* Work required
The entries below are to be returned as written, with all pictures dropped.

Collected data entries
================================
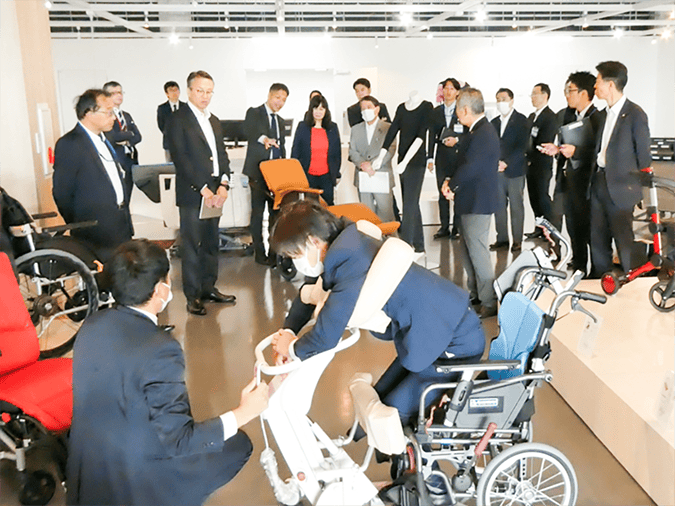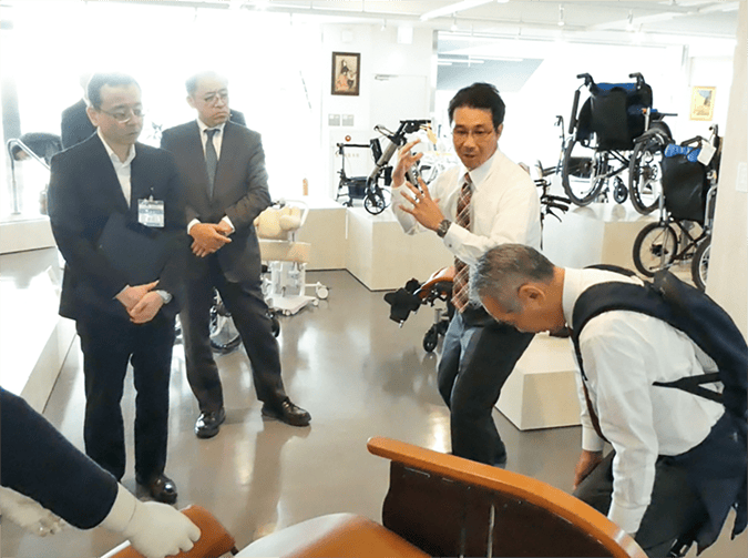 また、エコールトータルケアセンターの展示品の体験を行い、生産性向上に必要となるテクノロジーについての説明を行いました。
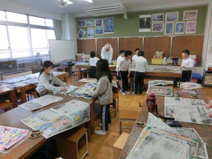 なかなかきれいに色が出ないようです。3年生の図工は紙版画の印刷をしています。着色剤が付着した紙シートで版を作り、霧吹きで水をかけ印刷用紙を載せて写し取る版画です。思ったより色が出ないため、苦労していました。
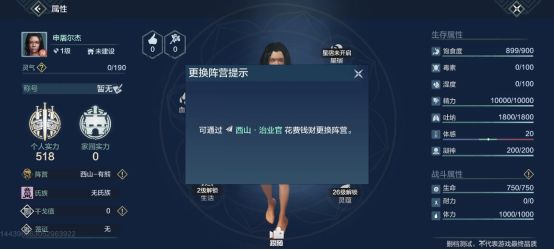 1:打开人物面板,点击阵营那栏旁边的感叹号(西山指当前阵营;冶业官是离可以换阵营的衙门最近的公交站)
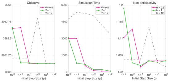 Given NC coefficient in Figure 5, different simulation results were observed according to the initial step size. When the initial step size is very low or is very large (grey), simulations take more steps with little improvements to the solution. Iterations wasted to draw redundant cutting planes take a long time to deduce the dual function. On the contrary, immediate terminations were observed for the highest p of 100 respective to and 1 . However, they did not perform the best on the NC results since expected new boundary of the dual function was not able to be improved without changes of dual variable . Among results with the same (green, magenta), the step size performs the best for the NC and objective. As a result, we verified that the wrong choice for parameters can bring premature termination or expensive termination. It is difficult to distinguish which cost performs the best as the process is premised to incline from the minimum to the maximum, yet the original problem involves minimisation. Thus, we excluded the high costs that violated the NC from acceptable solutions.
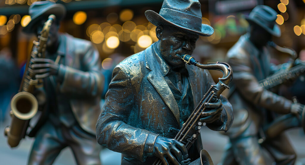 “Statues, fountains, and a giant arch that looks like it was made for late-night saxophone solos. The spirit of jazz hums in every corner.”
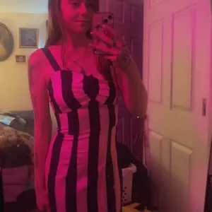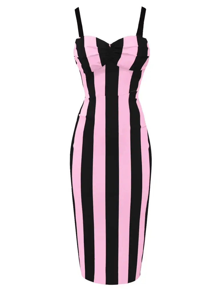 BLACK&PINK 1960S VERTICAL STRIPE STRAPS PENCIL DRESS Bodycon Womenswear Striped Flair Classic
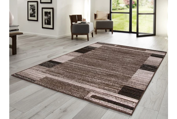 Moderní koberec o rozměru 80×150 cm v hnědé barvě se skvěle hodí do obývacího pokoje, ložnice nebo pracovny. S výškou vlasu cca 7,5 mm poskytuje příjemný pocit pod nohama, zároveň je nenáročný na údržbu. Speciální úprava frisee zajišťuje mírně stočené vlákno, které přináší řadu benefitů, jako je například vyšší odolnost proti sešlapání (koberec si udrží svůj objem a vzhled i při častém používání).
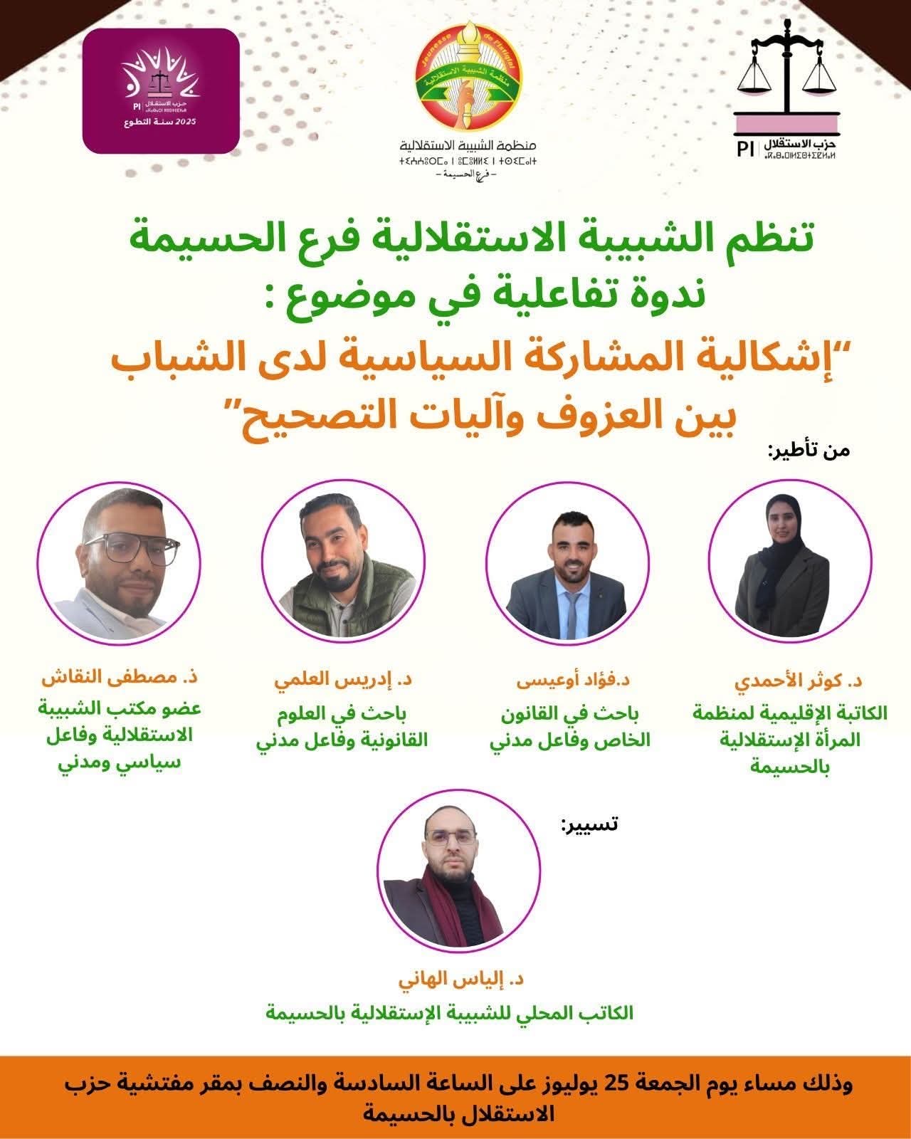 الندوة التي تنظمها الشبيبة الاستقلالية – فرع الحسيمة، تنفتح على مقاربة تشاركية وتعددية في تأطير النقاش، بمشاركة نخبة من الباحثين والفاعلين السياسيين والمدنيين، وذلك بهدف تشخيص واقع المشاركة السياسية للشباب، واستكشاف إمكانيات إحياء روح الانخراط والمبادرة داخل الفضاء العمومي.
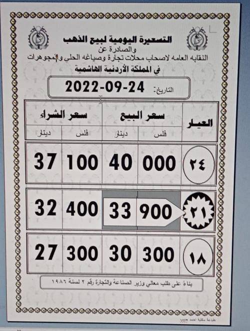 كما بلغ سعر بيع غرام الذهب عيار 21 الأكثر رغبة من الأردنيين بالسوق المحلية عند 33.90 دينارا لغايات شراء المواطنين من محلات الصاغة
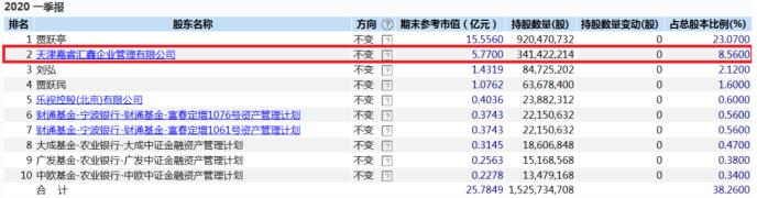 此外,Wind数据显示,截至2020年一季度末,嘉睿汇鑫也是除贾跃亭外的乐视网第二大股东,持有乐视网股票3.41亿股,占股8.56%。
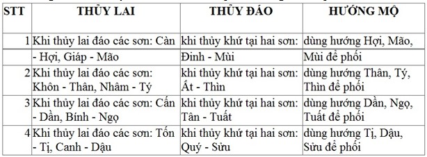 • Thủy khứ phải từ sơn hành hưu tù của hướng ngôi mộ: khi thủy khứ, phải khứ từ các sơn có ngũ hành sinh xuất cho ngũ hành của hướng mộ; hoặc sơn có thủy khứ phải khắc nhập với ngũ hành của hướng mộ.
================================
* Task solution
 また、エコールトータルケアセンターの展示品の体験を行い、生産性向上に必要となるテクノロジーについての説明を行いました。
 なかなかきれいに色が出ないようです。3年生の図工は紙版画の印刷をしています。着色剤が付着した紙シートで版を作り、霧吹きで水をかけ印刷用紙を載せて写し取る版画です。思ったより色が出ないため、苦労していました。
 1:打开人物面板,点击阵营那栏旁边的感叹号(西山指当前阵营;冶业官是离可以换阵营的衙门最近的公交站)
 Given NC coefficient in Figure 5, different simulation results were observed according to the initial step size. When the initial step size is very low or is very large (grey), simulations take more steps with little improvements to the solution. Iterations wasted to draw redundant cutting planes take a long time to deduce the dual function. On the contrary, immediate terminations were observed for the highest p of 100 respective to and 1 . However, they did not perform the best on the NC results since expected new boundary of the dual function was not able to be improved without changes of dual variable . Among results with the same (green, magenta), the step size performs the best for the NC and objective. As a result, we verified that the wrong choice for parameters can bring premature termination or expensive termination. It is difficult to distinguish which cost performs the best as the process is premised to incline from the minimum to the maximum, yet the original problem involves minimisation. Thus, we excluded the high costs that violated the NC from acceptable solutions.
 “Statues, fountains, and a giant arch that looks like it was made for late-night saxophone solos. The spirit of jazz hums in every corner.”
 BLACK&PINK 1960S VERTICAL STRIPE STRAPS PENCIL DRESS Bodycon Womenswear Striped Flair Classic
 Moderní koberec o rozměru 80×150 cm v hnědé barvě se skvěle hodí do obývacího pokoje, ložnice nebo pracovny. S výškou vlasu cca 7,5 mm poskytuje příjemný pocit pod nohama, zároveň je nenáročný na údržbu. Speciální úprava frisee zajišťuje mírně stočené vlákno, které přináší řadu benefitů, jako je například vyšší odolnost proti sešlapání (koberec si udrží svůj objem a vzhled i při častém používání).
 الندوة التي تنظمها الشبيبة الاستقلالية – فرع الحسيمة، تنفتح على مقاربة تشاركية وتعددية في تأطير النقاش، بمشاركة نخبة من الباحثين والفاعلين السياسيين والمدنيين، وذلك بهدف تشخيص واقع المشاركة السياسية للشباب، واستكشاف إمكانيات إحياء روح الانخراط والمبادرة داخل الفضاء العمومي.
 كما بلغ سعر بيع غرام الذهب عيار 21 الأكثر رغبة من الأردنيين بالسوق المحلية عند 33.90 دينارا لغايات شراء المواطنين من محلات الصاغة
 此外,Wind数据显示,截至2020年一季度末,嘉睿汇鑫也是除贾跃亭外的乐视网第二大股东,持有乐视网股票3.41亿股,占股8.56%。
 • Thủy khứ phải từ sơn hành hưu tù của hướng ngôi mộ: khi thủy khứ, phải khứ từ các sơn có ngũ hành sinh xuất cho ngũ hành của hướng mộ; hoặc sơn có thủy khứ phải khắc nhập với ngũ hành của hướng mộ.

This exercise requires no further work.